Learn how the Greater Baltimore Committee and the Associated Black Charities teamed up to highlight the opportunities that exist within Baltimore's STEM-related industries.

By Teree Caruthers on November 8, 2016

Baltimore MD
Doug Kapustin

Greater Baltimore’s burgeoning innovation industries, including bioscience and information technology, are creating new opportunities for jobs tied to skills in STEM – science, technology, engineering and math.

Powerful Partnerships

The region has emerged as a leader in creating opportunities in so-called middle-skill STEM careers, those that don’t necessarily require a bachelor’s degree but can be filled by workers who have some additional training.

“Baltimore City residents face significant barriers to employment that prevent many from obtaining well-paying jobs. However, there lies great opportunity within the science, technology, engineering and math fields for individuals who do not have a bachelor’s degree but are able to obtain some education, training or certifications,” says Donald C. Fry, President and CEO of the Greater Baltimore Committee (GBC), the region’s leading business advocacy organization.

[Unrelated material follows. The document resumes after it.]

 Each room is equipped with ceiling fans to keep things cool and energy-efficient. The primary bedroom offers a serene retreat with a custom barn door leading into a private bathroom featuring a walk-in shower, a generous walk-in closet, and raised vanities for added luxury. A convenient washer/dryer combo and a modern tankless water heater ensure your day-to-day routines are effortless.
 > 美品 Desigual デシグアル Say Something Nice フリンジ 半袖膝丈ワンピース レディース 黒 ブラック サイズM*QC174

“These middle-skill jobs often pay higher wages than careers with similar levels of education and offer many opportunities for advancement,” Fry says. The GBC and Associated Black Charities partnered on a study, “STEM: Middle-Skill Career Pathways in the Baltimore Region,” to examine opportunities and recommend strategies to widen the pipeline of talent available for middle-skill STEM careers.

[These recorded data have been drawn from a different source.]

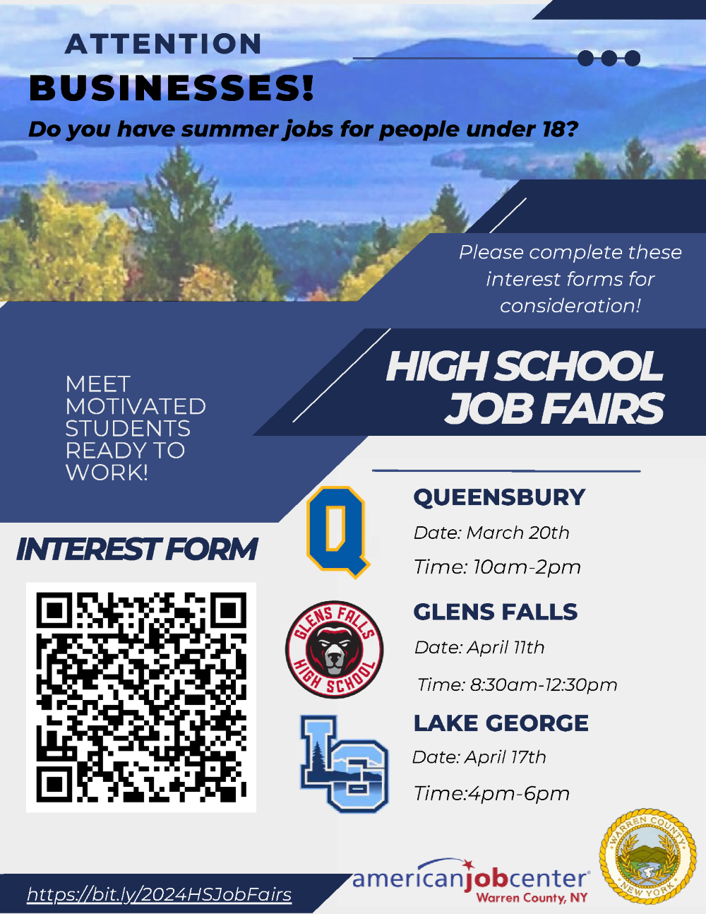 Liza Ochsendorf, Warren County Director of Workforce Development, said: “Our high school job fairs have been very successful helping local businesses get a head start on their summer hiring. We have been able to work with hundreds of students to help them find employment while assisting local businesses with the ongoing workforce shortages. Please let us know as soon as possible if your business would like to be part of one or more of these hiring events.”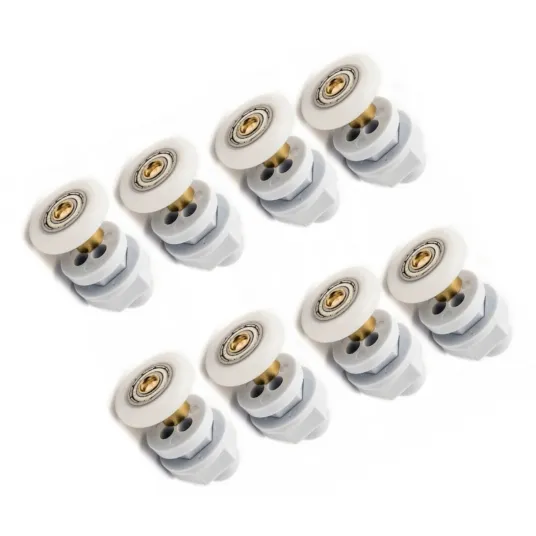 Set 8 role pentru cabina de dus, Robust, durabil, rulment puternic, accesorii pentru roata usii glisante, arc rotund, pentru usa glisanta, Plastic/Alama, Alb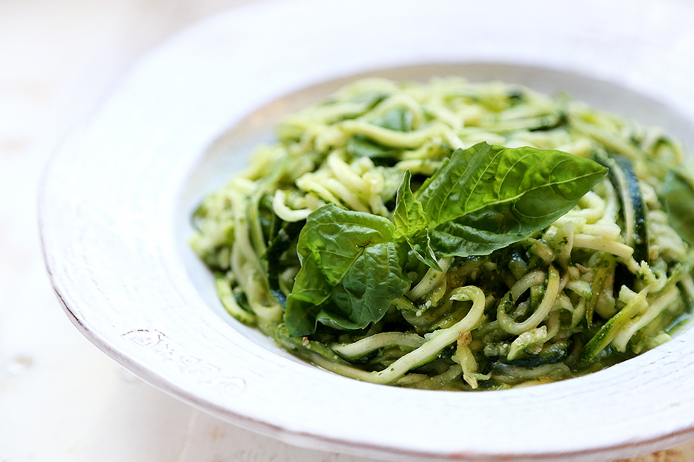 Raw Vegan Zucchini Pasta with Pesto via divinehealthyfood.com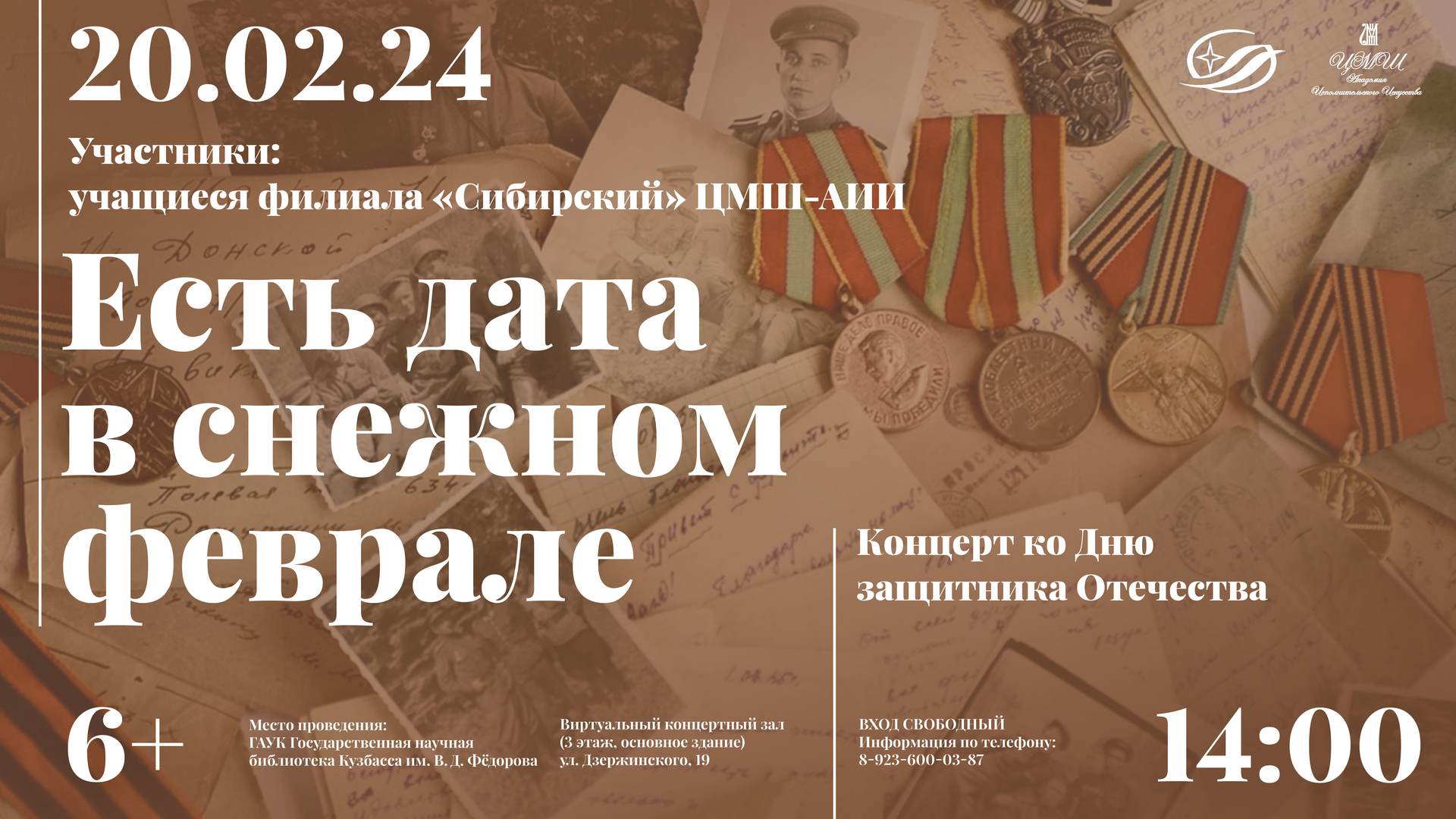 20 февраля в 14:00 в Государственной научной библиотеке Кузбасса имени В. Д. Федорова состоится концерт учащихся филиала «Сибирский» Центральной Музыкальной Школы - Академии Исполнительского Искусства.День защитника Отечества – праздник тех, кто считает своим долгом беречь родную землю, защищать ее интересы, это День сильных, мужественных, твердых духом людей, способных отдать жизнь за Родину.

The study included interviews with dozens of local employers, educational institutions, nonprofit organizations and community groups. The study identified six “opportunity sectors” – advanced manufacturing, bioscience, design and construction, energy, health care and information technology – that provide great potential for meaningful careers in jobs that pay well above the median for the region.

Nearly a quarter (23.1 percent) of all jobs in the Baltimore region – more than 281,700 altogether – require high-level knowledge in at least one STEM field.

“We’re looking more at the system and how we can partner with others to move the needle,” says Diane Bell-McKoy, President and CEO of Associated Black Charities, which works to solve problems affecting the city’s African American community.

Pathway to Success

STEM careers are not limited to traditional STEM occupations such as software developers or engineers, the study found. Interviews with Greater Baltimore employers revealed that new technology is driving the demand for middle-skill STEM employees in many occupations and also driving the creation of entirely new STEM occupations.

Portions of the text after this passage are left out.